— Мало! — не слушая, что тот скажет далее, оборвал полковник.
— Я уже успел, пане полковник, позаботиться о том, чтобы…
— Мало! — снова бросил полковник.
— Смерть ему! — снова закричала толпа.
— Слышишь? — спросил епископ. — Не только я, а уж и народ обрек тебя казни: ежели через неделю в нашем городе…
— В осаде?!
— …Ежели не будет всего, что надобно для козацкой души и тела, тебя казнят-таки самой лютой смертью.
— Но, владыко… — ужаснулся обозный. — Где ж я все добуду? То, чего нет?! Где я добуду!
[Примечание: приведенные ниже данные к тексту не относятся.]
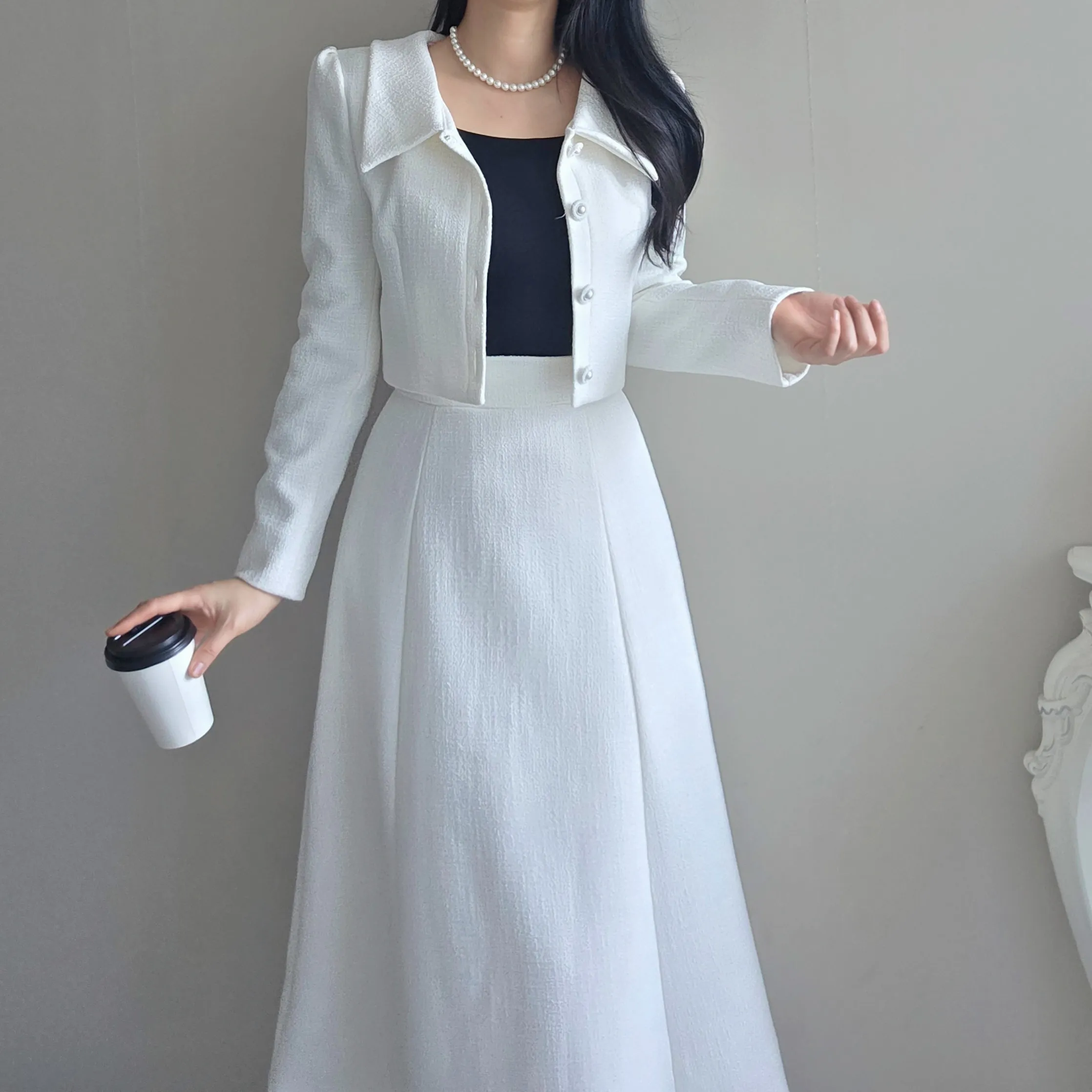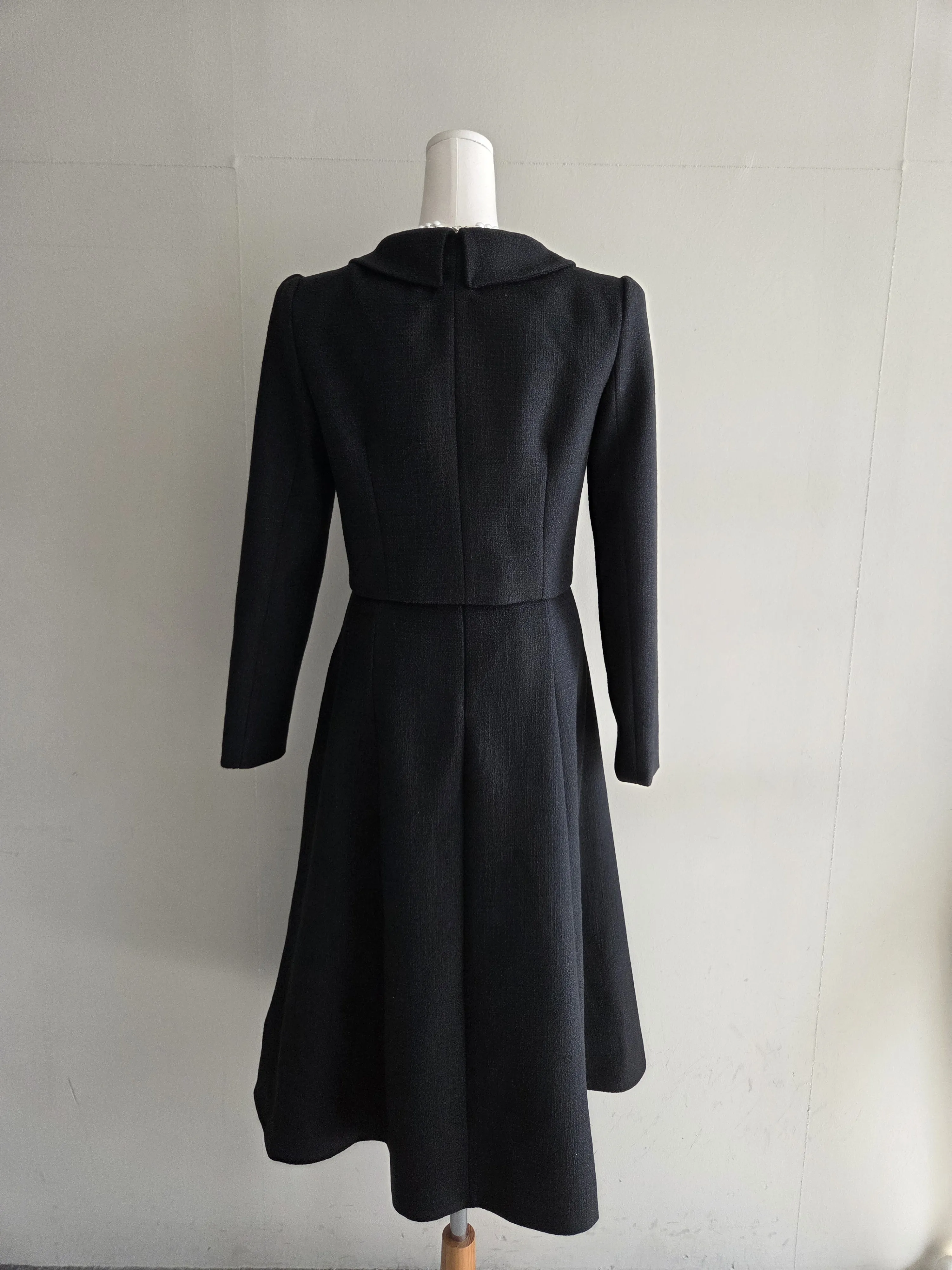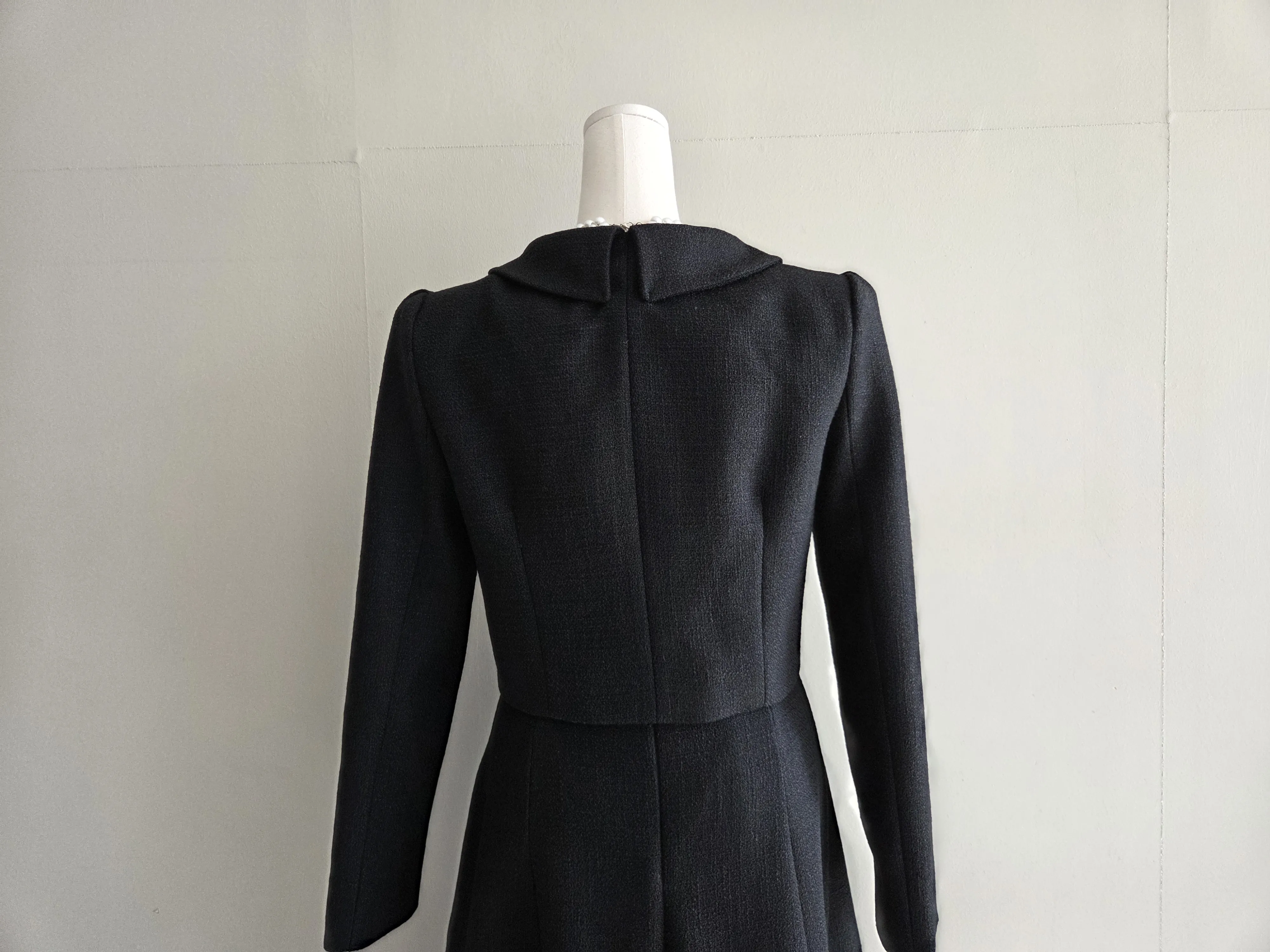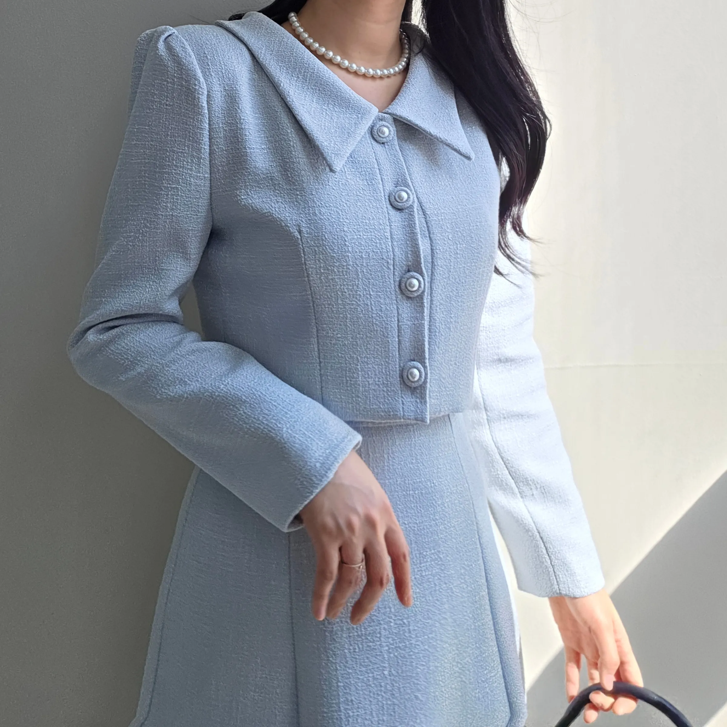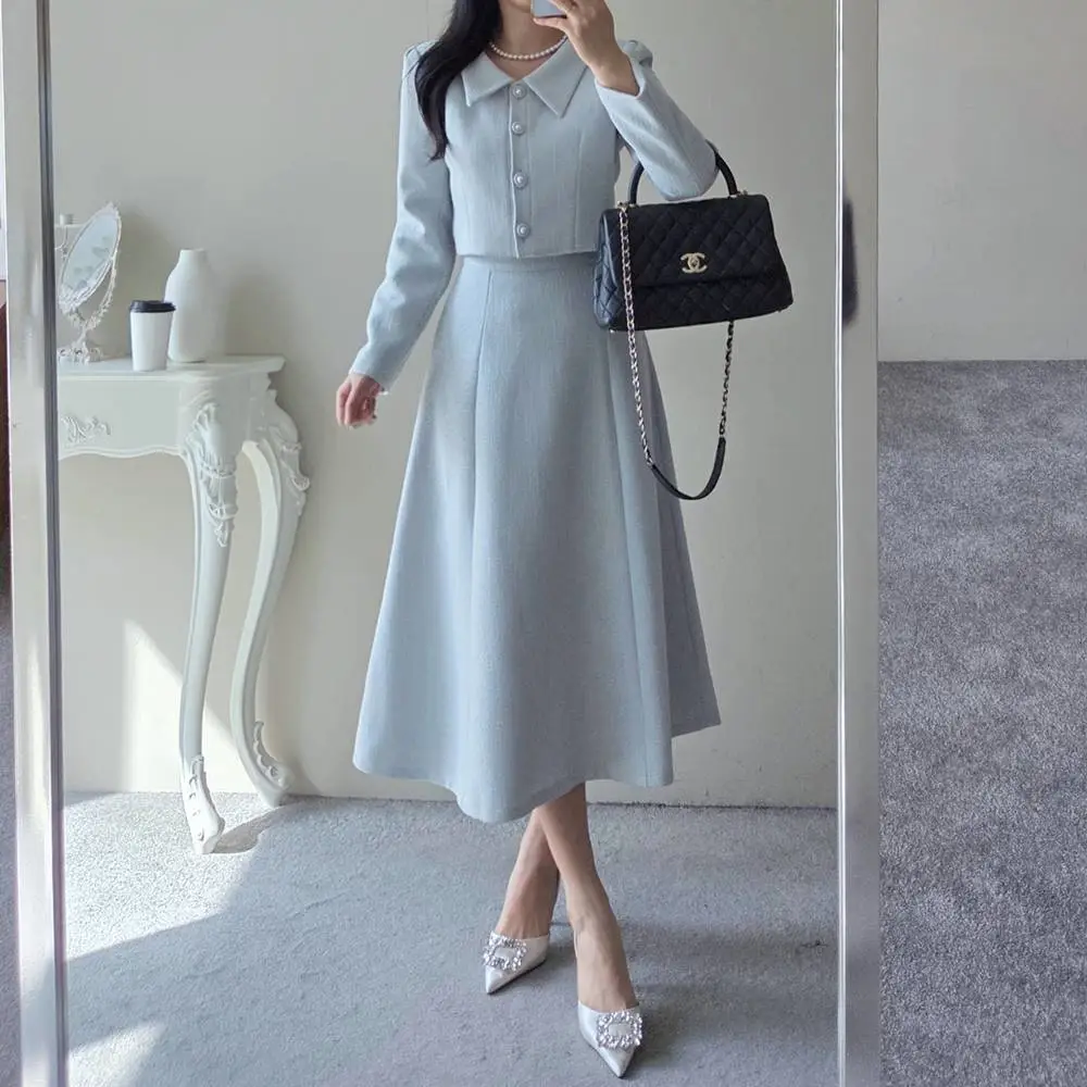 ツイードボタンカラー肩パッドラインクロップドロング長袖フレアAラインヒドゥンジッパー無地ツーピース(トップス、ボトムス)スカートジャケット・S1959042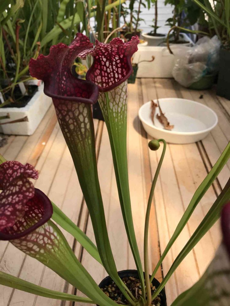 今年の4月に京都オフ会で購入したサラセニア ミッチェリアナ×レウコフィラと思われるものに花芽が上がって来ました。秋に花芽が付いたことはありますが、夏場は初です。余計なエネルギーを使わせたく無いので除去しました。

Я ж — не колдун!
— А есть среди нас и колдун, — тихо отозвался Саливон Глек.
И словно тихий ветер прошелестел в толпе:
— Козак Мамай?
И все стали оглядываться: не тут ли он? Затем толпа забурлила:
— Козак Мамай! Козак Мамай! Козак Мамай!
4
А он был тут, недалечко.
Сидел на пригорке, под старым кряжистым дубом, словно ничего и не происходило на ближней зеленой муравке, будто не его и звали столько голосов.
Сидел он в своей обычной созерцательной позе, ноги по-турецки сложив, как Ходжа Насреддин.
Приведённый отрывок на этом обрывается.